OpenAI's 'Sora' wows by transforming text prompts into video


ChatGPT-maker OpenAI previews its latest software protege ‘Sora’ – a generative AI that can take a short text description and turn it into a vividly realistic AI video clip – and the crowds are going wild.

Meet OpenAI’s Sora, a large scale AI model capable of transforming a users text prompt into 60-seconds of high fidelity video.

The Microsoft backed leader in AI technology announced the latest software development on Thursday. “Introducing Sora, our text-to-video model,” OpenAI posted on X.

ADVERTISEMENT

“Sora can create videos of up to 60 seconds featuring highly detailed scenes, complex camera motion, and multiple characters with vibrant emotions,” it said.

To provide an example of Sora’s capabilities, the company posted a detailed text prompt and followed by a bright, colorful, and lifelike video clip, Sora had artificially generated directly from it.

“Beautiful, snowy Tokyo city is bustling. The camera moves through the bustling city street, following several people enjoying the beautiful snowy weather and shopping at nearby stalls. Gorgeous sakura petals are flying through the wind along with snowflakes,” the prompt states.

Next, the video clip, looking like a movie set, visually takes the viewer through a birdseye view of a couple holding hands, wearing winter clothes, walking past shops on a snowy yet cherry blossom tree-lined street, a city in the distance.

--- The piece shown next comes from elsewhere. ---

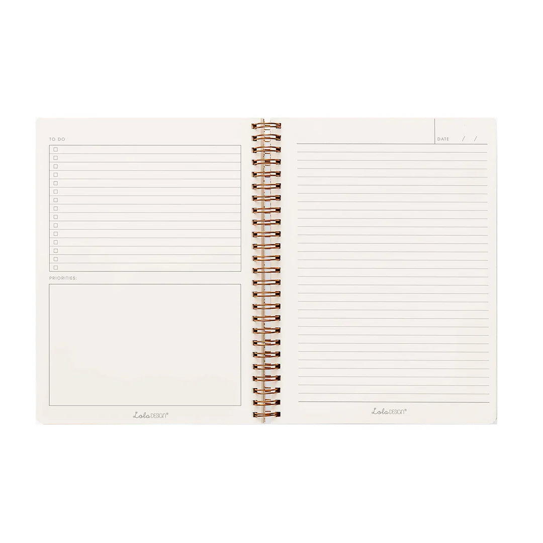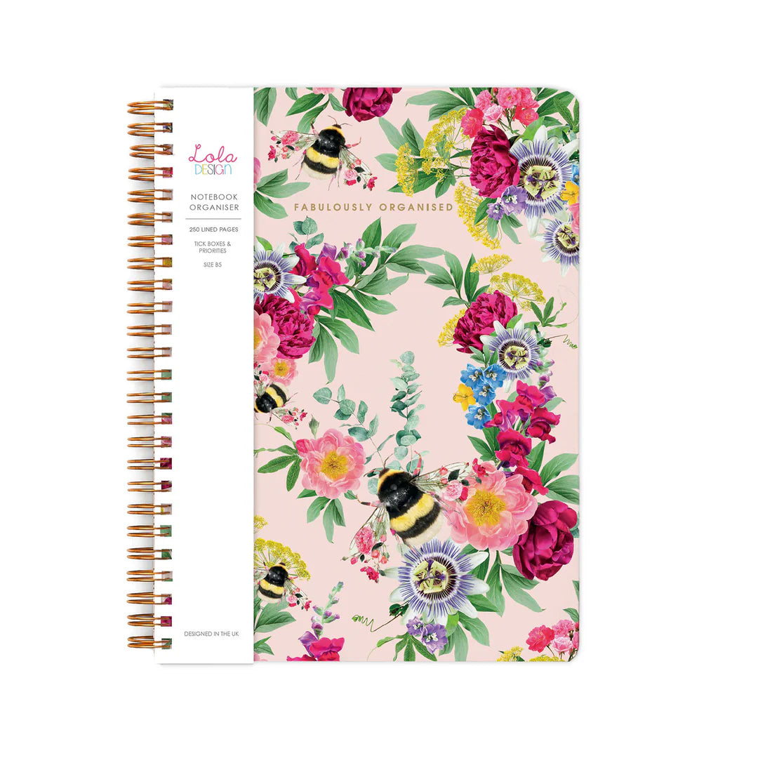 Stay fabulously organised with this beautiful B5 spiral bound botanical pink bee organiser notebook by Lola Design. This notebook features 250 lined pages, including a lined tick box and priorities section, perfect for keeping track of your daily tasks and to-dos.

Technically accurate, “we train text-conditional diffusion models jointly on videos and images of variable durations, resolutions and aspect ratios” OpenAI explained in its blog.

“Our results suggest that scaling video generation models is a promising path towards building general purpose simulators of the physical world,” the company said.

Video generation models as world simulators

ADVERTISEMENT

Still in development, Sora is also capable of generating video from other prompt inputs besides text, such as pre-existing images or video.

“This capability enables Sora to perform a wide range of image and video editing tasks—creating perfectly looping video, animating static images, extending videos forwards or backwards in time,etc.,” OpenAI said.

Social media users couldn’t get enough the dozens of samples OpenAI supplied on X profile and blog.

“I am often critical of OpenAI but the Sora video previews have left me speechless,” said X user and AI software developer @BenjaminDEKR. “This is excellent, world-changing work,” he said.

Tech industry creative and X user @bilawalsidhu was also impressed. “OpenAI just dropped their Sora research paper. As expected, the video-to-video results are flipping spectacular," he posted along with a video-to-video generated sample.

Still, Sora currently exhibits numerous limitations as a simulator, the company warned.

“Sora does not accurately model the physics of many basic interactions, like glass shattering,” or interactions, such as eating food, can also can appear wonky.

Other “common failure modes” developers are working through include the spontaneous appearances of objects on landing pages or incoherencies in longer duration samples.

ADVERTISEMENT

OpenAI also stressed it would also make sure to address safety concerns before the software becomes available in other OpenAI products, such as ChatGPT.

To help do that, the company said has employed red team experts to "adversarially" test the model, focusing on “misinformation, hateful content, and bias.”